Guilherme Posser da Costa was born on 18 May 1953 in São Tomé, the main city of then-Portuguese São Tomé and Príncipe. He studied law at the University of Coimbra in Portugal, specializing in legal science; he graduated in June 1978. He is married and has three children.

Posser da Costa pursued a political career in the Movement for the Liberation of Sao Tome and Principe/Social Democratic Party (MLSTP/PSD), which was the sole legal party until the introduction of a multiparty system in 1991. He has held the parliamentary functions of deputy and vice-president of the National Assembly. Within the Ministry of Foreign Affairs, Posser da Costa served as Director of Political Affairs, Secretary of State and then Minister on three occasions: from 1987 to 1988, 1990 to 1991, and 1994 to 1996. He has also been Ambassador Extraordinary and Plenipotentiary to Belgium, France, Germany, the Netherlands, Sweden, the European Community, and the Food and Agriculture Organization. He was Prime Minister from 5 January 1999 to 26 September 2001.

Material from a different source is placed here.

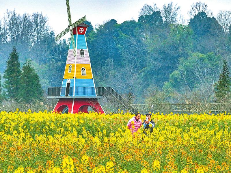初春时节,雅安各地油菜花相继绽放。近日,芦山县万亩粮经复合园粮油(思延)示范基地内,赏花踏青的游客络绎不绝。 雅安观察 黄刚 摄

In early November 2004, Posser da Costa allegedly damaged the office of Attorney General Adelino Pereira in an attack. Pereira said this was due to an investigation regarding embezzlement of aid funds and ordered Posser da Costa's arrest. Due to the alleged attack, Posser da Costa resigned from parliament on 15 February 2005, just before his parliamentary immunity was to be removed. On 18 March 2005, he received a two-year suspended sentence for damaging Pereira's office and "insulting public authority"; he was also required to pay compensation. For his part, Posser da Costa said that Pereira had falsely accused him of being involved in the embezzlement of aid funds, and that he had only been a witness in that case, not a suspect.

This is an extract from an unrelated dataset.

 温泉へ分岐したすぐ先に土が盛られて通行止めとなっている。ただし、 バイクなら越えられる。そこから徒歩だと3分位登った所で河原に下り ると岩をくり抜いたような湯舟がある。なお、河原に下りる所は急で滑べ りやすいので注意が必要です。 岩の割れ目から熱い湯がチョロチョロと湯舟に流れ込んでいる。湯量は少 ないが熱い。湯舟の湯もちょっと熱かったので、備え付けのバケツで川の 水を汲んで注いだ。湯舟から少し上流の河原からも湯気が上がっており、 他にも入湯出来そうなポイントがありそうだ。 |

Posser da Costa was a member of the National Commission and the Political Commission of the MLSTP/PSD, and Vice President under the leadership of founder and former President Manuel Pinto da Costa. At the Fourth Congress of the MLSTP/PSD, Posser da Costa was elected party President on 27 February 2005, succeeding Pinto da Costa. There were 708 votes in favor of Posser da Costa, who was the only candidate, and three votes against him. He held this position until 2010, when he was replaced by Aurelio Martins.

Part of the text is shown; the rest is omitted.